COLLECTED DATA:

╭──

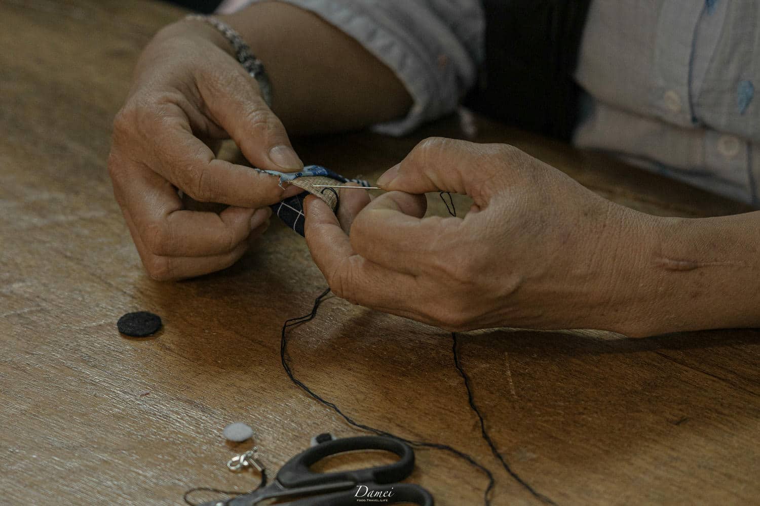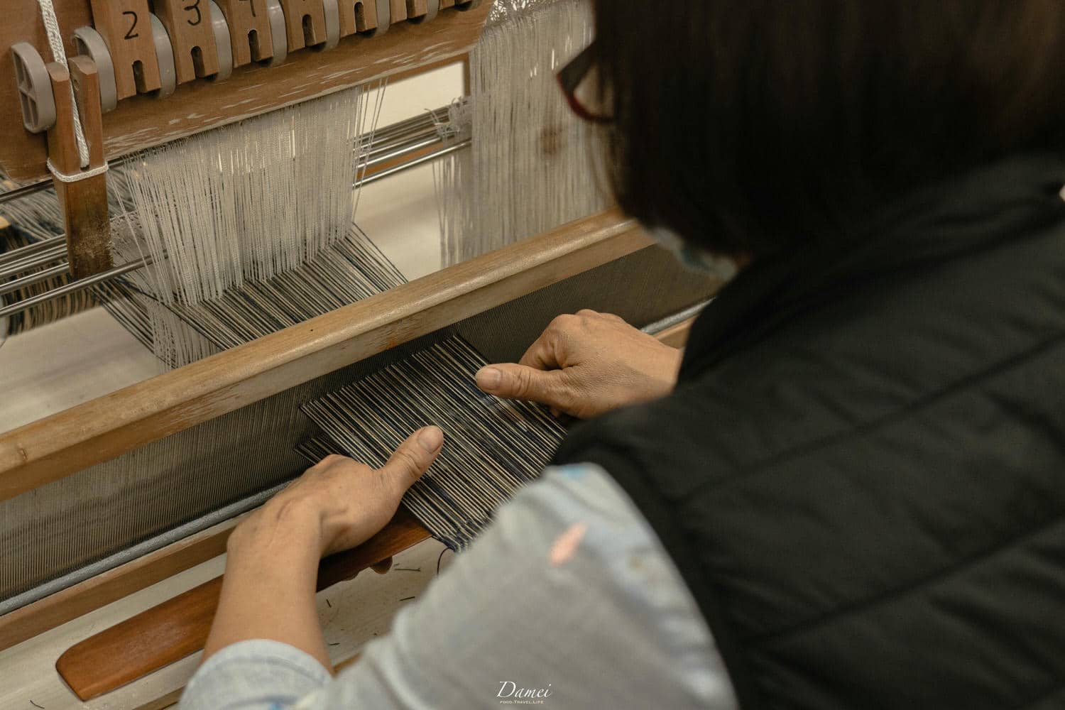 距離新社梯田車程不遠處,我們來到新社香蕉絲工坊,必須讚嘆先民利用易取得的素材製作所有日常必需品,這是葛瑪蘭人的傳統技藝,全手工製作加上費時,已是快要面臨消失的技藝了,好在還有一群媽媽阿姨們堅持著,讓這傳統編織工藝得以傳承。
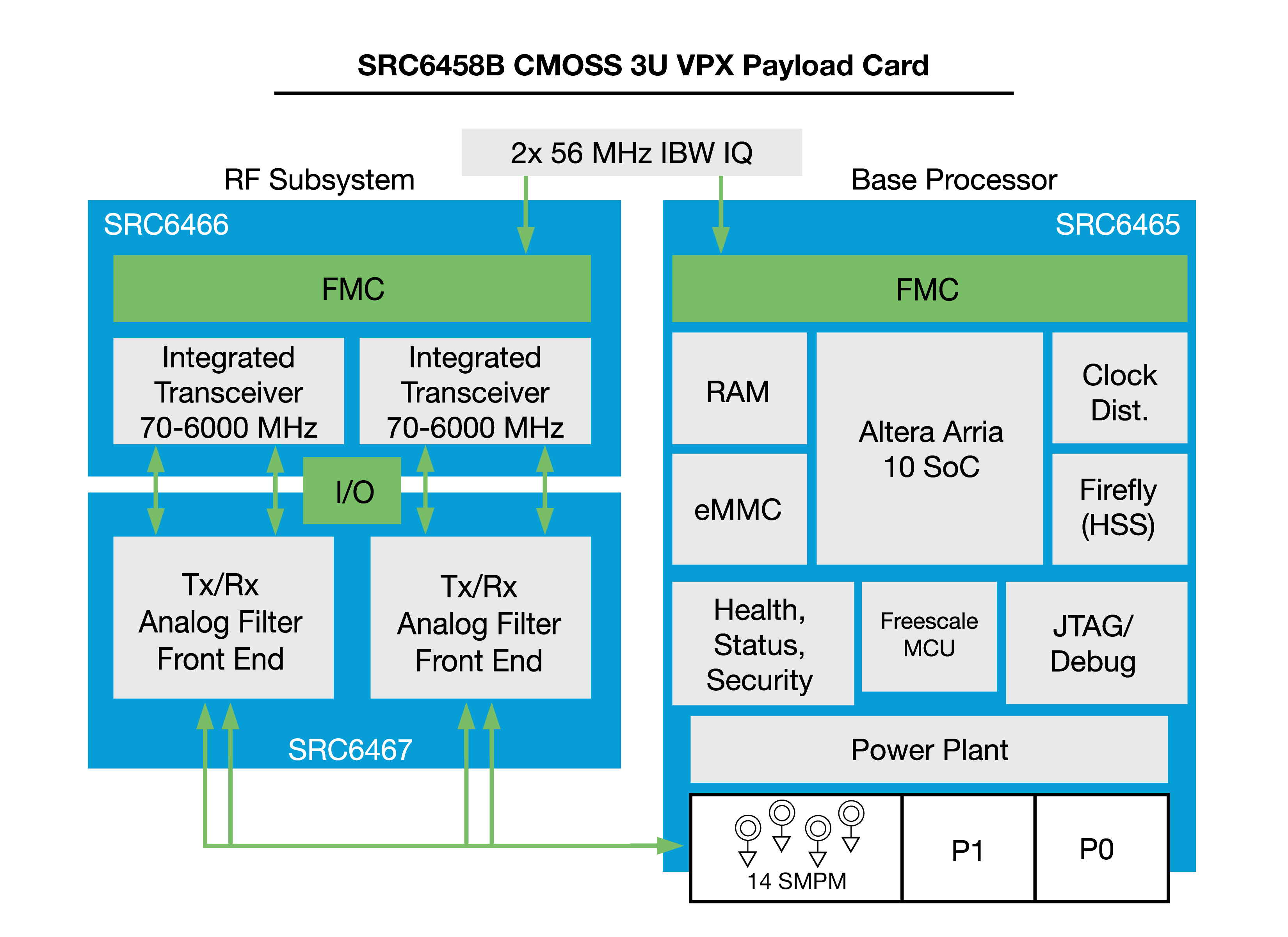 The SRC6458B CMOSS/SOSA-aligned 3U VPX payload card is a 3U OpenVPX payload designed to support the DoD hardware and software convergence initiative. |
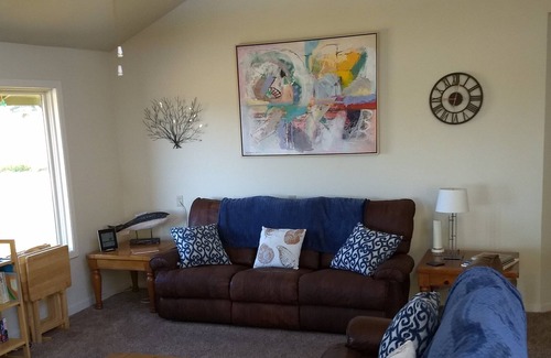 This newly remodeled home is walking distance to the beach or you can use the private gate pass and drive to within a few steps of the sand. The house is located across the street from Pomo Lake with walking trails and wildlife and bird viewing.

╰──

WHAT THE TASK ASKS:
Repeat the data word for word. Skip the pictures.

OUTPUT FOR THIS TASK:
 距離新社梯田車程不遠處,我們來到新社香蕉絲工坊,必須讚嘆先民利用易取得的素材製作所有日常必需品,這是葛瑪蘭人的傳統技藝,全手工製作加上費時,已是快要面臨消失的技藝了,好在還有一群媽媽阿姨們堅持著,讓這傳統編織工藝得以傳承。
 The SRC6458B CMOSS/SOSA-aligned 3U VPX payload card is a 3U OpenVPX payload designed to support the DoD hardware and software convergence initiative. |
 This newly remodeled home is walking distance to the beach or you can use the private gate pass and drive to within a few steps of the sand. The house is located across the street from Pomo Lake with walking trails and wildlife and bird viewing.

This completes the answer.